It’s not, though. Not while Danny Farquhar’s velocity seemed to be down this spring. It’s always impossible to know what to do with that – maybe he was working on something, maybe he was tired one day and that screwed up the overall averages. Still, let’s remember that Farquhar was a frequent guest of the waiver wire, and struggled to latch on until he started throwing 95. Sure, the big change was a mechanical overhaul, and it’s not like Farquhar’s throwing sidearm again, but this is a guy who threw 89mph for years, and then induced his small frame to throw 95. His velocity dropped by over 1mph last year, and he proved he could still be effective at 94. However, Farquhar averaged 92.6 in Arizona. If he’s around 92 in Seattle, can he still avoid HRs the way he’s done the past two years? Farquhar’s smart and knows several pitches. He ditched his sinker in 2014, and though his four-seamer wasn’t quite as good in 2014, his cutter could compensate. Changing his approach – switching back to the four-seam and curve, say – can help him accommodate lower velo, but it’s not a fix. If he comes out throwing 95-96 again, then the point is moot. For the M’s sake, let’s hope he does.

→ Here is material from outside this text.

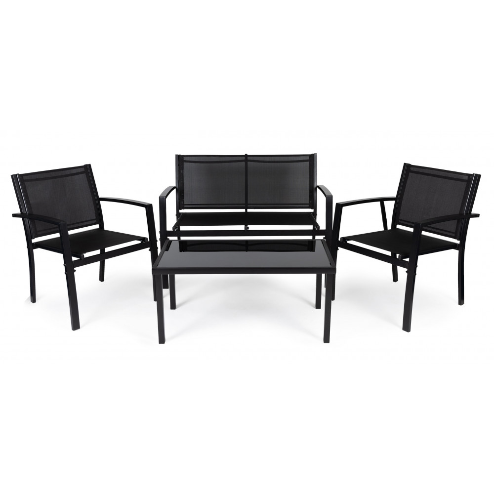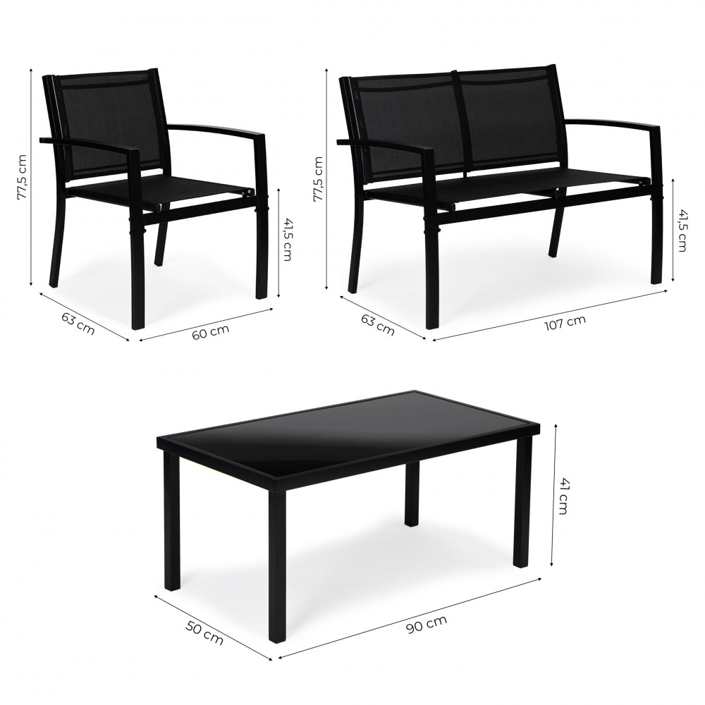 - Sada obsahuje: 2 stoličky a lavicu, stôl so sklenenou doskou
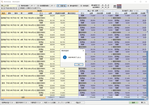 一部納付が行われた場合でも、簡単な作業で消込処理が可能です。納付額に達するまで一括選択もできます。納付の進捗状況は色分けし、分かりやすく表示。

That brings us to Tom Wilhelmsen, the most enigmatic/important of the M’s relievers. The Bartender led the bullpen in WPA last year, and he paired the biggest workload with the lowest ERA. We all know what he’s capable of, and that’s part of the reason his 2013 was so disappointing. Wilhelmsen struggled with his control all year, and that made his top-shelf stuff play down. He didn’t get as many strikeouts in part because he was behind in counts. His overall results were much better in 2014, but it’s worth remembering that he didn’t entirely solve the problem. His walk rate was still over 11%, and his K rate was good, but not in line with his excellent FB/CU combo. For a variety of reasons, Wilhelmsen’s been inconsistent, trading months with off-the-charts performances with months where he couldn’t find the zone. What helped him tremendously last year was his insane .200 BABIP. A pitcher with great velo can run lower-than-average BABIPs, but .200 just isn’t sustainable. To compensate, he needs to get back to the form he showed in 2012, with a 27% K rate and a walk rate safely under 10%.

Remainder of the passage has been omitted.